§ PROBLEM TO SOLVE
Scan the records below for the line with "Nine West Brown" and the line with "Eine Person füllt", and retype that range exactly, both ends included, pictures excepted.

§ PROVIDED MATERIAL
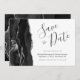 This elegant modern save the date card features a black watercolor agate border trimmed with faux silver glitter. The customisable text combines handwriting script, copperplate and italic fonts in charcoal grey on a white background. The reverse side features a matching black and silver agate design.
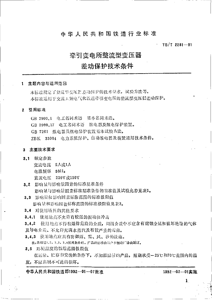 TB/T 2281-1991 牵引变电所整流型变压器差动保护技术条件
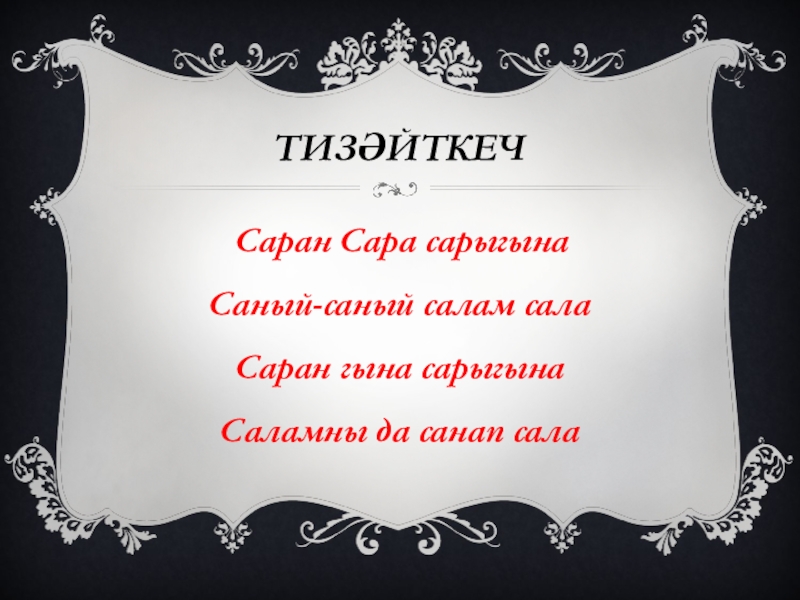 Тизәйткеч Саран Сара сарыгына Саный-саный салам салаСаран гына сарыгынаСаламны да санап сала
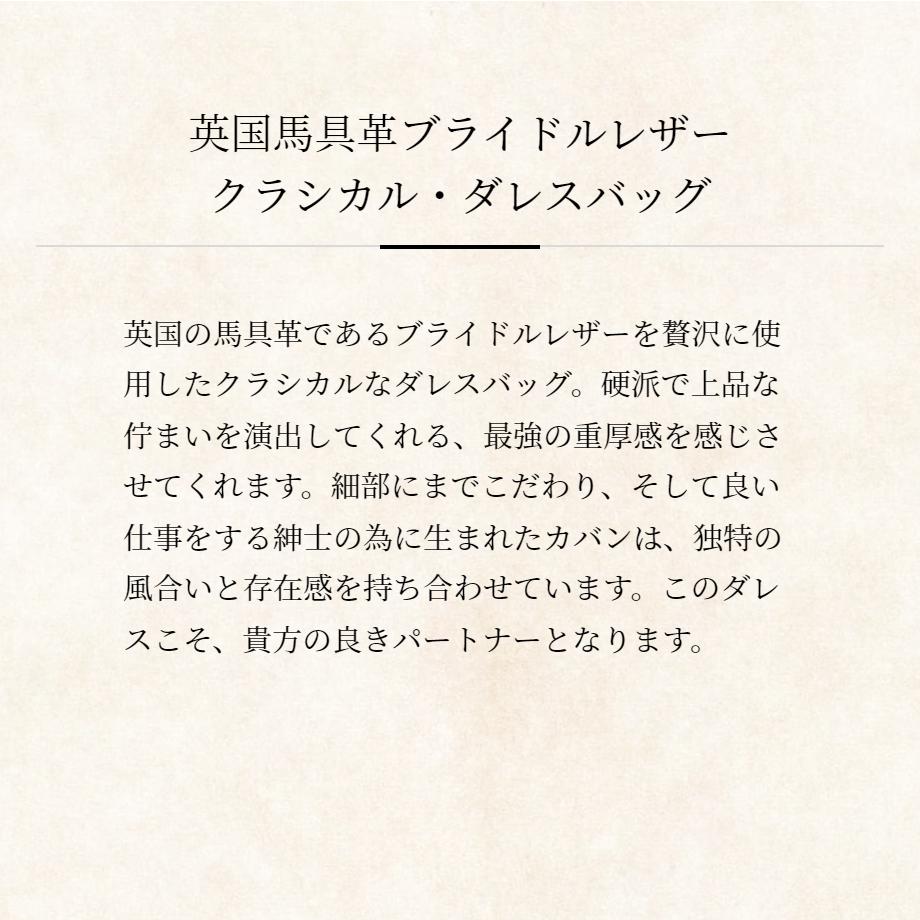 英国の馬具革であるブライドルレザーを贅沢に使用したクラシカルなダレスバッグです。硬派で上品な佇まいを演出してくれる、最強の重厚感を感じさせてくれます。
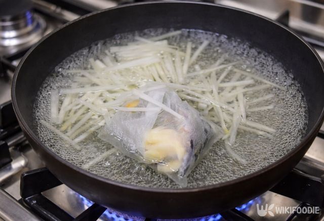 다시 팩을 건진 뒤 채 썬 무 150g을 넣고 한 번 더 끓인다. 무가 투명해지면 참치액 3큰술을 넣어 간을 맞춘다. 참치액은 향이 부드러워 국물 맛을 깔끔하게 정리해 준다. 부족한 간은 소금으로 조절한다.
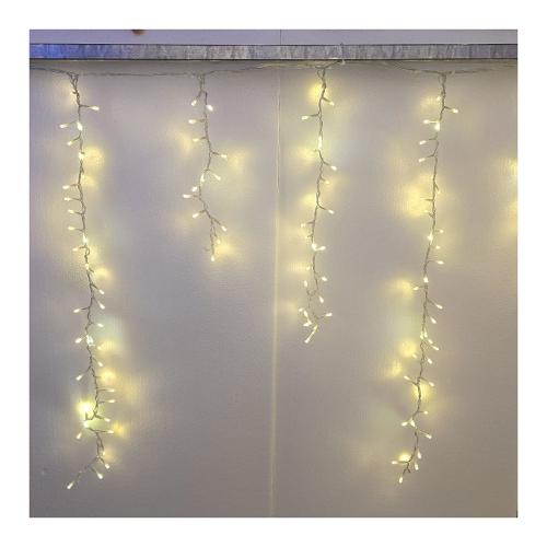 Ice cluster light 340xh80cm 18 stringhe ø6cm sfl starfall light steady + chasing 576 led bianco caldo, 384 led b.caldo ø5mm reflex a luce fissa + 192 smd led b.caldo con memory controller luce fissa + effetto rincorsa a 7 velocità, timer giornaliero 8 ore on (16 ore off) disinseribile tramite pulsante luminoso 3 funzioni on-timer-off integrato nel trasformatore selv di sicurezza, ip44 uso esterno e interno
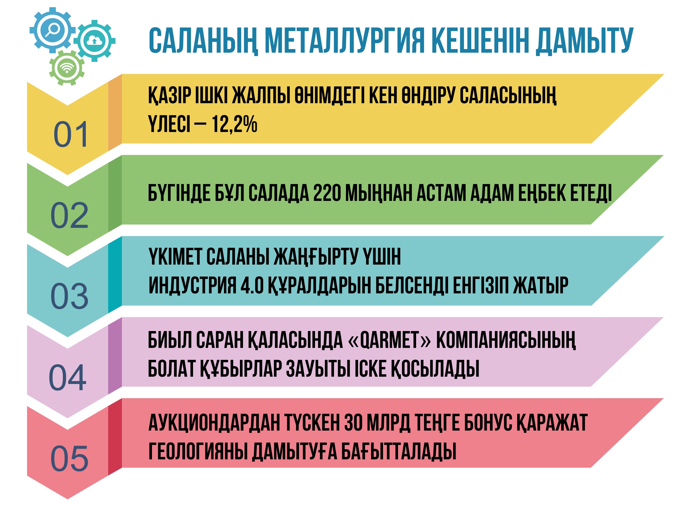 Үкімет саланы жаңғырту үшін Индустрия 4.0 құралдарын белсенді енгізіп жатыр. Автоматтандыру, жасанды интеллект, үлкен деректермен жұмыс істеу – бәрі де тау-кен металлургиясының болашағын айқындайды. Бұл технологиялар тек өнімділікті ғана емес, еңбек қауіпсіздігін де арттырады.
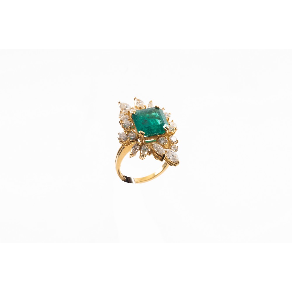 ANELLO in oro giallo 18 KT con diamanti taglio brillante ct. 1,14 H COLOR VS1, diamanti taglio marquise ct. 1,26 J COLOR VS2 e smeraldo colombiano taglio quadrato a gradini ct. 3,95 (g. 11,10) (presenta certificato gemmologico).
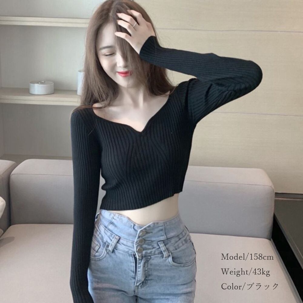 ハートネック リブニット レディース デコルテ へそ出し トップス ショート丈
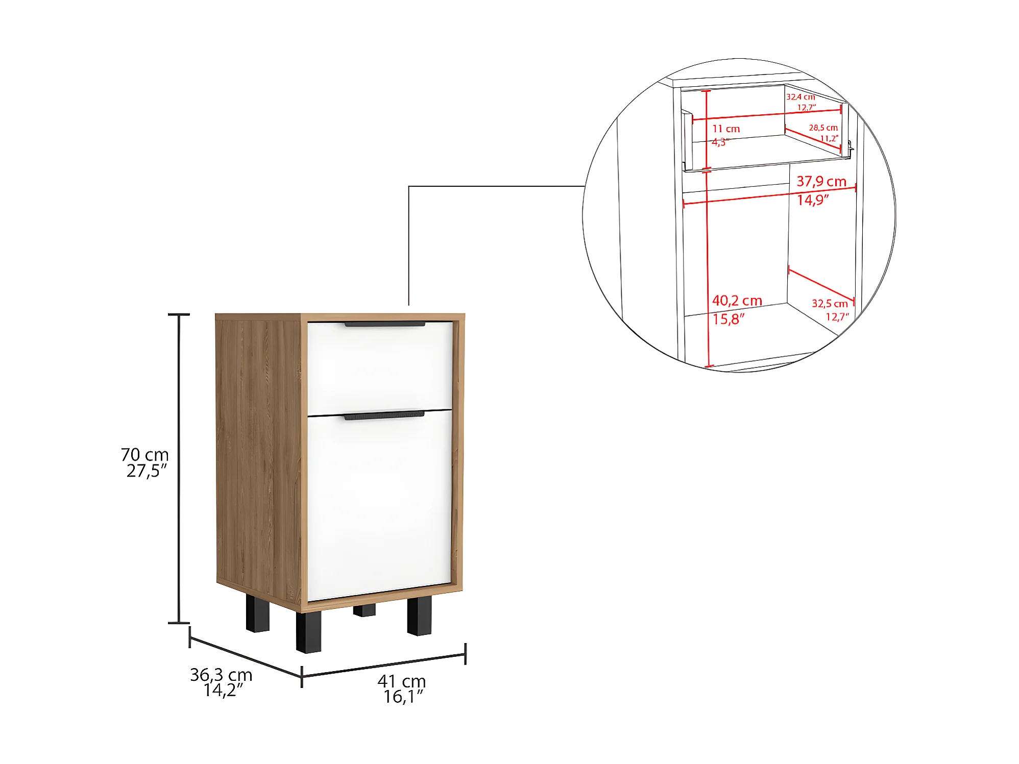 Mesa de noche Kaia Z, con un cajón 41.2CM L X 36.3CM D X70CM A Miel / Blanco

--

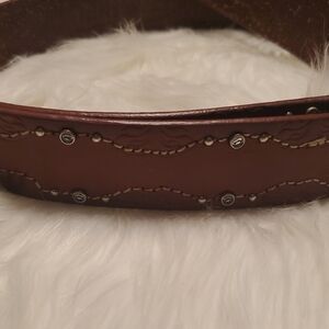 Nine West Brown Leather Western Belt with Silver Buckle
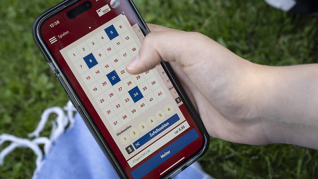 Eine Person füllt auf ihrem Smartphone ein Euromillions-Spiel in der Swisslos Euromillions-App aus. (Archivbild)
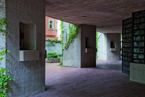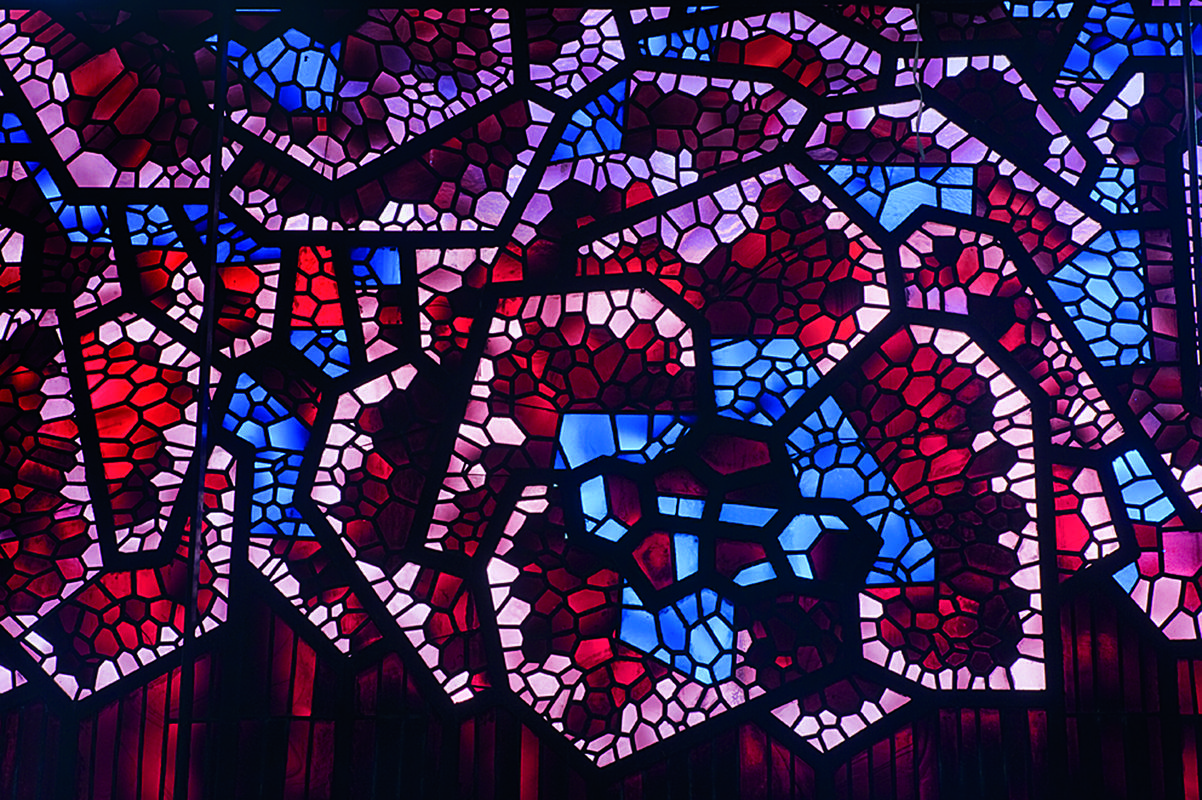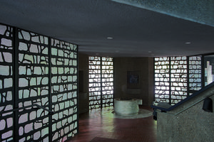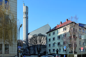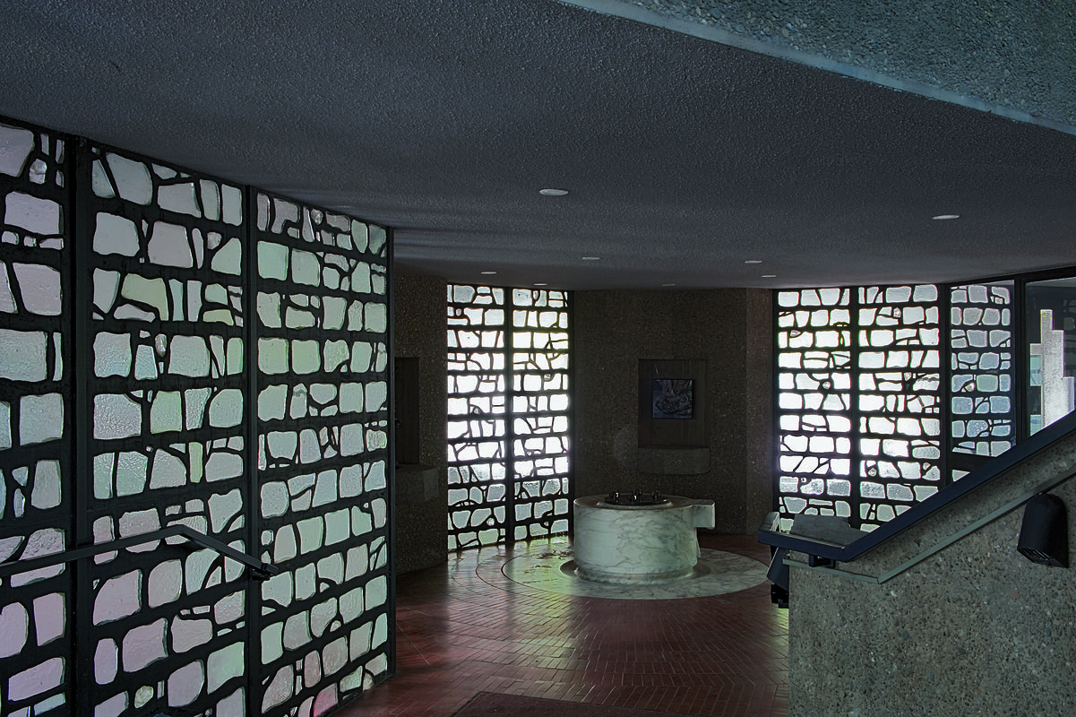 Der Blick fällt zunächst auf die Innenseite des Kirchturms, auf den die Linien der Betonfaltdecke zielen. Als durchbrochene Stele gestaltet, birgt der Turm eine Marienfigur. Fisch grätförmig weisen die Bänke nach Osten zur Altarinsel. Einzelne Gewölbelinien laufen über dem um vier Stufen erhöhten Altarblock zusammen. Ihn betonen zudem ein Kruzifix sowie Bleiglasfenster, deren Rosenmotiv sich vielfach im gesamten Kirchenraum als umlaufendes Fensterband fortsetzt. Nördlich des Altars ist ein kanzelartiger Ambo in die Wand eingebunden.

§ PROBLEM SOLUTION
 Nine West Brown Leather Western Belt with Silver Buckle
 Eine Person füllt auf ihrem Smartphone ein Euromillions-Spiel in der Swisslos Euromillions-App aus. (Archivbild)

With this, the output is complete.